15 décembre 2009

Une question d'hémisphère...


Novembre

Petite mise au point pour ne pas perdre le Nord et suivre mon calendrier :

En novembre, c'est le printemps, et les jacarandas, mes arbres préférés, sont en fleurs.
En décembre, c'est les fortes chaleurs qui commencent, on remercie la clim et les étudiants commencent leurs grandes vacances à Noël.
Noël passe d'ailleurs complètement inaperçu et ce n'est pas les quelques sapins de Noël dispersés dans la ville qui vont changer 30 ans d'habitude de froid à cette époque. Je remarque juste que les moustiques me rendent la vie dure et que peut-être à Noël je vais demander un colis de Biaphine.
Le top pour le Nouvel An est non pas de louer un chalet au ski mais une maison avec jardin, pileta (piscine) et parilla (barbecue) pour manger les premières viandes de l'année en maillot de bain.
En Janvier on part à la plage et tous les lieux touristiques sont pleins à craquer
En Février on se prépare à la rentrée.
En Mars l'université reprend
En Avril on ne se découvre pas d'un fil, c'est l'automne
En Mai fini les nu pieds
En Juin on se les caille
En Juillet c'est la doudoune assurée et on s'arrange pour rentrer en France en vacances
En Août, on renonce à regarder les photos des vacances des amis en Europe sous peine de déprime grave
En Septembre on ressort un peu
En Octobre le printemps bourgeonne

Dernières anecdotes :
Ici le ciel est plus bas que chez nous, dur de l'expliquer mais partez en Patagonie et vous comprendrez, les nuages n'ont jamais paru si près
Les étoiles ne sont pas les mêmes, pas d'étoile polaire mais l'étoile australe !
Ici pour avoir la lumière toute la journée dans son appartement, il faut qu'il soit orienté nord...
Moi il m'a fallu une bonne demi-heure d'explication de mon frère pour le comprendre. Vous me suivez ?

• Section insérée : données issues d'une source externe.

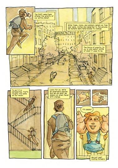 This is a fantastic parable about how a global catastrophe is felt on the most personal of levels. Across the world, the force of gravity begins to work less on humans and humans alone, and what at first seems like a gift is a warning sign of a coming apocalypse. Or is it? As we follow the journey of a writer who struggles to raise his daughter alone after the first loss of gravity killed his wife, we see that the competing theories on how to save humanity - bore into the earth and "reset" gravity or simply pack up in starships and leave - may very well destroy his relationship with his daughter, and his very reason for surviving at all. The story is told with economy and focus, and the art throughout - which reminds one of 1970s loose pencils beneath watercolor - is a visual treat from the first to last page. A Radical Shift of Gravity might not be for everyone. But for those who can appreciate its qualities, it will be a compelling read, for sure.

Les rockers argentins sont vivants




 Terre musicale particulièrement fertile, l'Argentine a la chance d'avoir ses rockers vivants, en pleine forme et toujours sur scène. Andres Calamaro ( ex los Rodriguez, ex los Abuemos de la Nada), los Fabulosos Cadillacs, Fito Paez, Charly Garcia, Spinetta, Soda Stereo, los Redonditos de Ricotta, la Bersuit, Los Ratones Paranoicos pour ne citer qu'eux... Les Argentins sont fiers de leur "rock nacional" et ont de quoi.  Les rockers argentins sont des références pour tous et depuis 10/15 ans, s'exportent bien au-delà des frontières dans tous les pays hispanophones et certains comme Andres Calamaro font chanter toute l'Espagne.
Comme ils sont copains entre eux, quand on va voir Calamaro comme dimanche dernier au Club de la Ciudad (mon rêve s'est enfin exaucé), on voit en même temps Vicentico (ex Los Fabulosos Cadillacs), le chanteur des Babasonicos et Fito Paez, comme ça, qui passaient par là... Et moi j'exultais !

Tous ces noms sont certainement de grands inconnus pour ceux qui me liront, mais imaginez être la génération de mes parents, et être en âge de voir des idoles de rock sur scène, encore jeunes et fringuants, sans devoir acheter les compils ou les voir en documentaires à la télé. Ou comme si chez nous on avait Indochine et Noir Désir au top de leur gloire, un Gainsbourg vivant, Johnny Hallyday loin du coma, Téléphone encore à la mode, comme s'ils étaient copains tous  entre eux, avaient tout juste 50 ans ou même pas encore et restaient de vrais rockers remplissant les stades, sans promo chez Drucker, sans reportage dans Gala, et sans lifting.

Ce n'est qu'une simple anecdote musicale, mais c'est une illustration de cet étrange sentiment que j'ai ici, celui d'être dans une époque encore vierge, un pays jeune, sans besoin de références passées, car ici le rock c'est maintenant et pas en noir et blanc.